Overall there needs to be much greater research into this issue. As you've alluded it's actually a grouping of different types under the umbrella 'trans' yet we talk as if it's all the same. As you acknowledge the transcum/ transtrender split isn't sufficient. Transvestites, transsexuals prominent in the past is a different thing than the modern gender dysphoria (as we've seen with the change in gender ratio). Transexuals as studied by Blanchard, which included autogynephiles (undeniable fetishism at play here in my view, whether you like the term) and androphilic men are a different beast to a young girl feeling gender dysphoric or a vulnerable, terminally online person imbibing trans messaging from a young age.

In addition to the medical frame and trying to identify any biological differences around gender non-conformity (being an effeminate gay male for example), we need to have two other frames to understand this issue in my view.

The first (articulated by Helen Joyce) is that trans is best thought of as a culture bound syndrome, that is, the experience of a set of internal experiences and suffering is mediated and interpreted within the current cultural settings. Gender dysphoria is at heart the description of an internal sense, but unavoidably the way we describe our experiences has cultural input.
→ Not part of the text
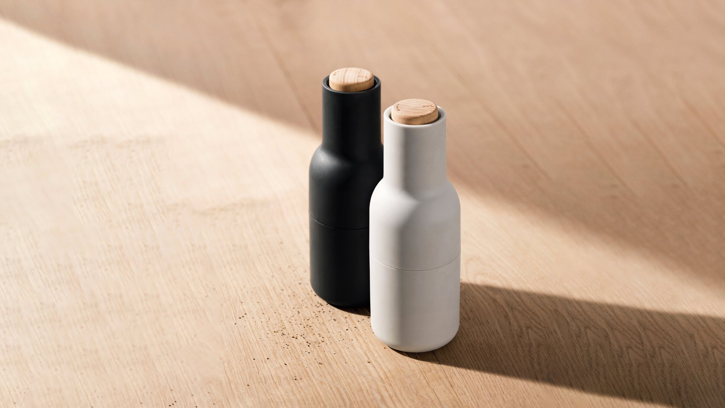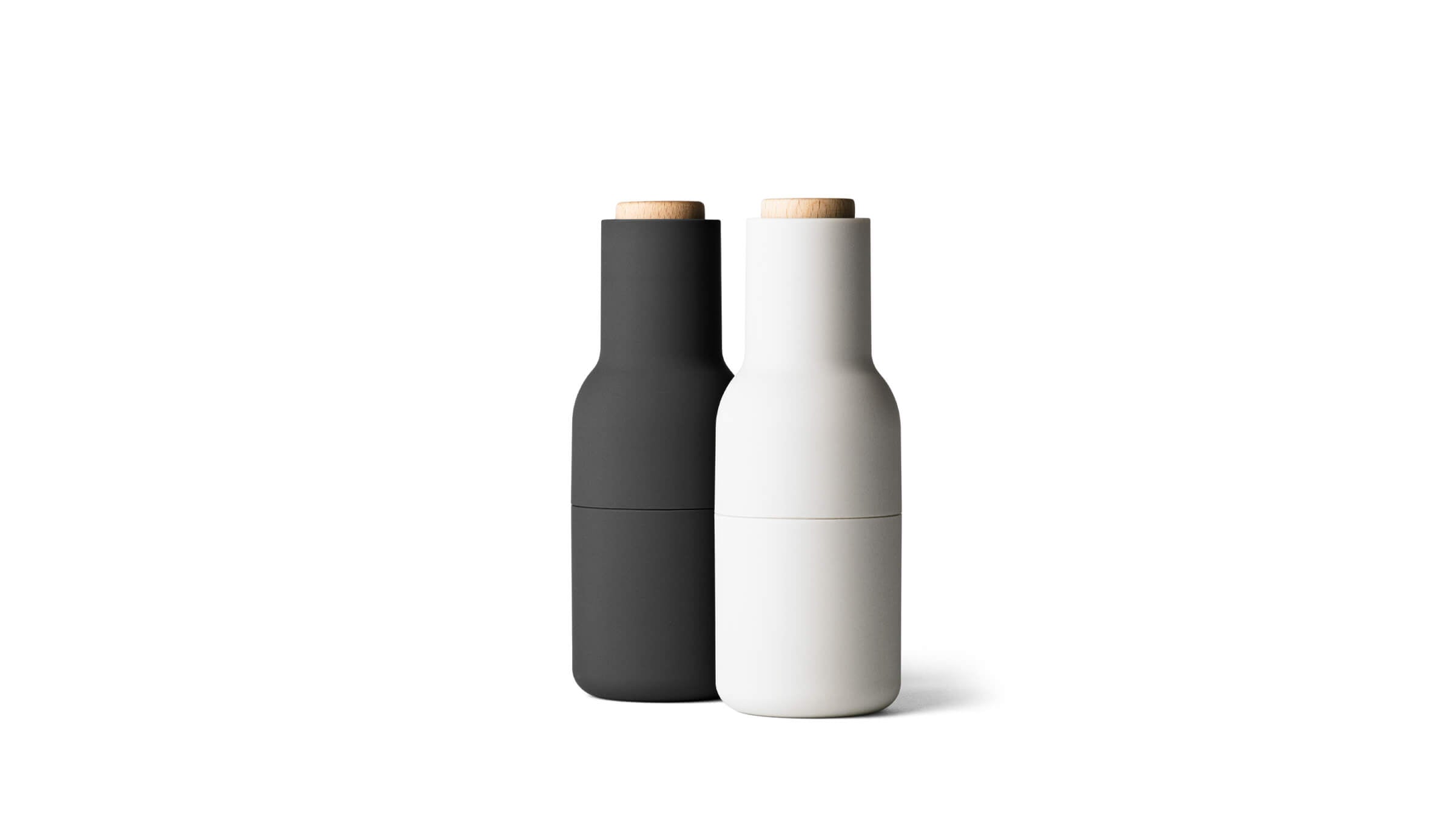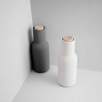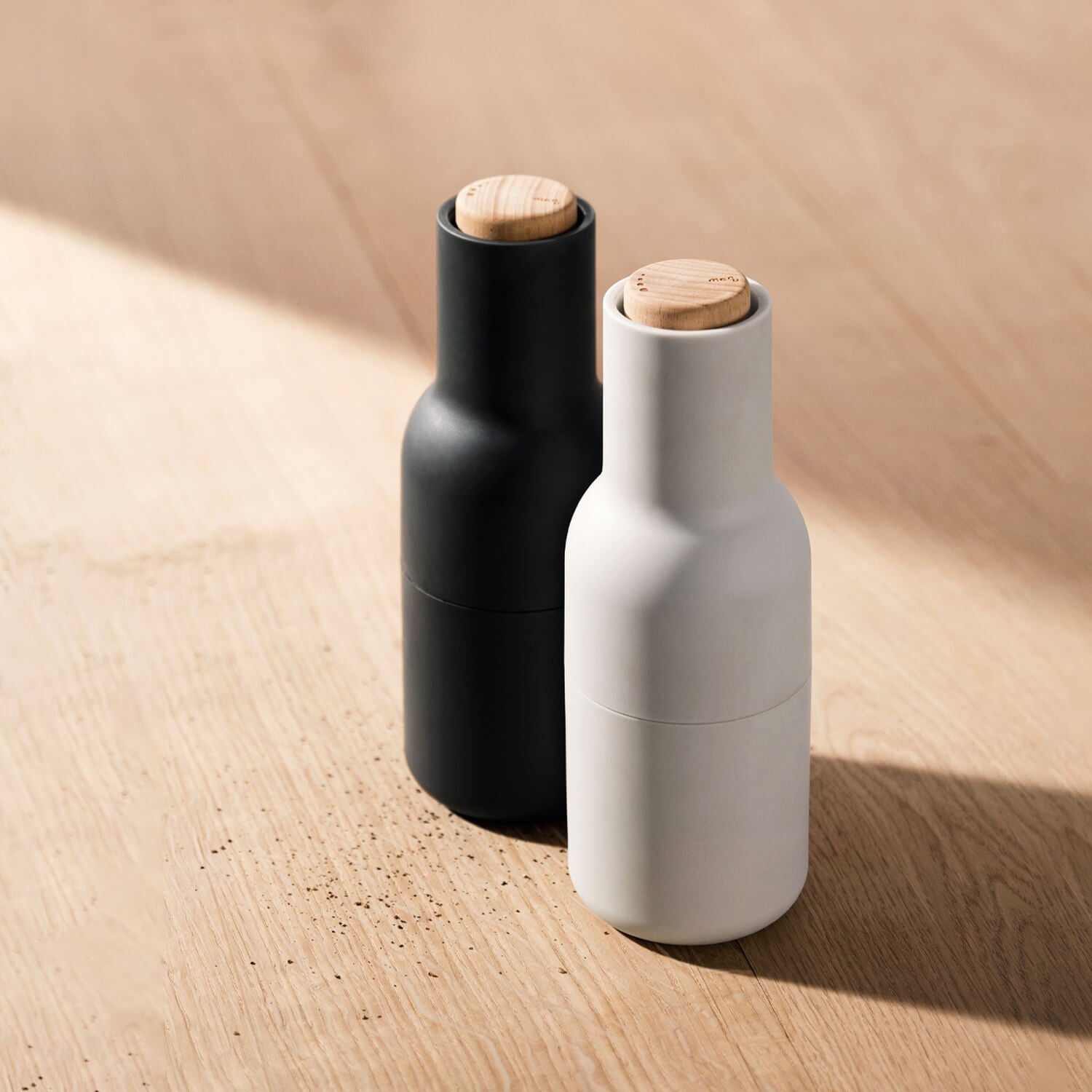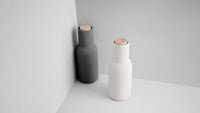 The minimal grinder form is universal, but with the Bottle Grinder, Norm has turned it on its head: the ceramic salt or pepper grinder is located on the top and does not spill on the table. The Scandinavian design references the archetypal form of a water bottle.

You can chart the rise and fall of many conditions (not just psychological), where what changed wasn't the underlying aetiology but the cultural setting where 'symptoms' are expressed. So hysteria was a notable condition of the past but doesn't exist now, carpal tunnel syndrome seems to have been largely a fad. It's possible that for some people the underlying cognitive complex of conditions like anorexia and ocd (to be sure longstanding behaviors over history) are being reinterpreted within the lens of gender dysphoria. It's clear that there is some overlap in these conditions for people who present at gender clinics. Similarly generalized anxiety around puberty may manifest as GD. Many different mental health indicators (self harm, depression) have shown a sharp rise for young people in recent years, particularly young women. Is it really hard to believe that this isn't some manifestation of a social unease of the moment but exhibiting in different forms due to the complex of interactive effects?

This brings us to the second frame which is really just a wider view of the previous point. This is trans as a sociogenic meme, or social contagion. This is where we are now. Culture has created an idea of trans, as a progressive, transcendent human rights issue and the cultural forces now permeate sufficiently that we may just be sending kids down the trans train without there needing to be any careful medical scrutiny. Some people may start choose trans, ie a lifestyle option. Parents may influence their child to actualise themselves as progressives

Anyway Ive blathered long enough. I only put in the more general, speculative points to show that trans may indicate a particular cultural moment, as part of a broader meaning crisis and so solutions will have to be at that level also.